直到车子驶入了独栋的私家车库,耳边又一次传来没什么感情的称呼:“闻导。”
“你现在要是酒醒了、后悔了,还可以直接走。”
“……”
闻潮声渐渐回神,对上席追那双深沉到略显冷酷的眼眸,本已负荷过重的心脏瞬间紧缩了一下。

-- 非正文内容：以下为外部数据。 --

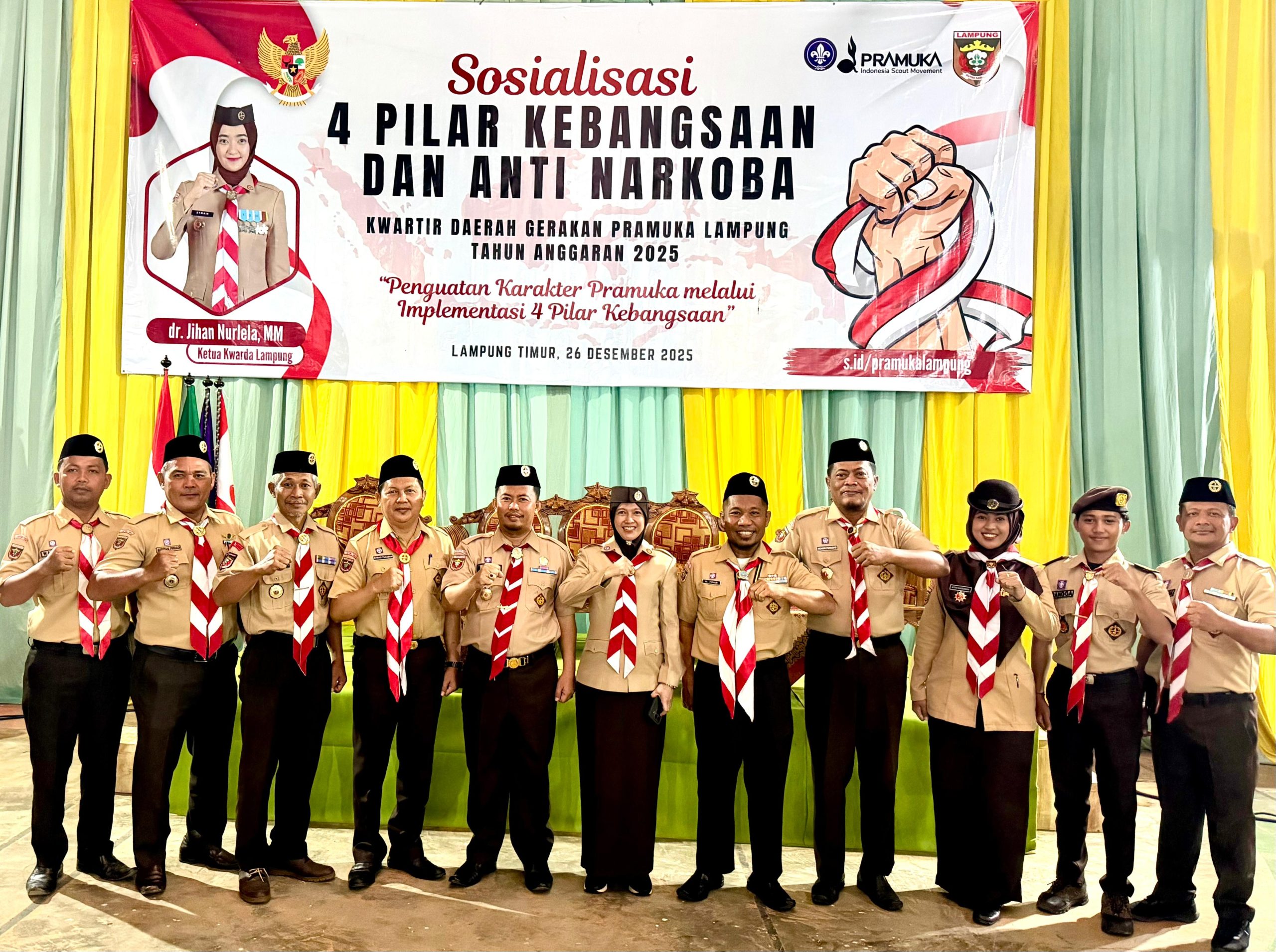 Lampung Timur (MDSnews) — Kwartir Daerah (Kwarda) Gerakan Pramuka Lampung menggelar kegiatan Sosialisasi Empat Pilar Kebangsaan dan Anti Narkoba pada Jumat (26/12/2025) pagi. Kegiatan tersebut berlangsung di Aula SMK Ma’arif NU 1 Purbolinggo, Kabupaten Lampung Timur.

他以前酒量很差,两三杯啤酒都能干倒,喝醉后的行为举止会变得相对大胆,但醒来后又会彻底断片。
刚才在餐厅包厢里,闻潮声喝了两杯不到的香槟。
想来在对方看来,那句石破天惊的“上床”不过是醉酒后的又一次胆大妄为。
闻潮声哽了一下发堵的喉咙,“我没醉,也、也没后悔。”
这些年,他偶尔会借助酒精麻醉自己,酒量有变好了一点,醒来后已经不会彻底断片了。
“……”
车厢昏暗,笼罩着席追的脸,也掩住了他眸底的晦暗探究。
难捱的沉默蔓延几秒。
闻潮声不敢动,等待着对方的发号施令。
“下车,跟我来。”
最终,席追率先打开了车门,往车库的侧门走。
闻潮声盯着他头也不回的背影,噩梦里积年累月的惶恐深入骨髓,他连忙下车去追,却在跟上席追后,又小心地保持着一步之遥的距离。
车库在负一楼。
席追直接带着闻潮声进了电梯。
闻潮声始终垂着目光,视线无意识地缠上了席追的手,晃过一丝渴求。
好想牵手。
闻潮声的指尖动了动,没有勇气,也没有时间。
电梯在二楼停了下来。
席追迈了出去,左拐,打开其中一处的门,“这间浴室给你,柜子里有浴袍。”
简单却直白的一句交代,听不出多余的感情。
闻潮声牙关紧闭,勉强挤出一句温顺的应答,“好的。”
席追没再交代其他的,反而转身进了隔壁的卧室,冷酷地关了门。
关门声撞得闻潮声耳膜发麻,他确认对方没有要开门返回的迹象,也迅速地走进了浴室,第一时间打开了淋浴器。
刷拉——
足够强劲的水流声回荡在浴室里,足以覆盖异样。
身体的不适达到了巅峰,多一秒都无法忍耐。
闻潮声再也藏不住生理性的反胃,弯腰跪在马桶前吐了个昏天黑地。
他本来就没吃什么东西,胃里空落落的,再用力也只有一溜的胆汁和酸水,吐到最后,整张脸都煞白了。
“……”
闻潮声怕耽误时间,不敢休息。
他拖着无力的身体起身,漱口、洗澡,听话地从柜子里拿出了浴袍换上,意料之外,尺码还算合身。
浴室里水汽弥漫,蕴得闻潮声眼角发红。
他看着自己换下来的衣物,犹豫了两秒,还是从裤子口袋里摸出了分装的药片,迅速拆袋,将它含在了舌头底下。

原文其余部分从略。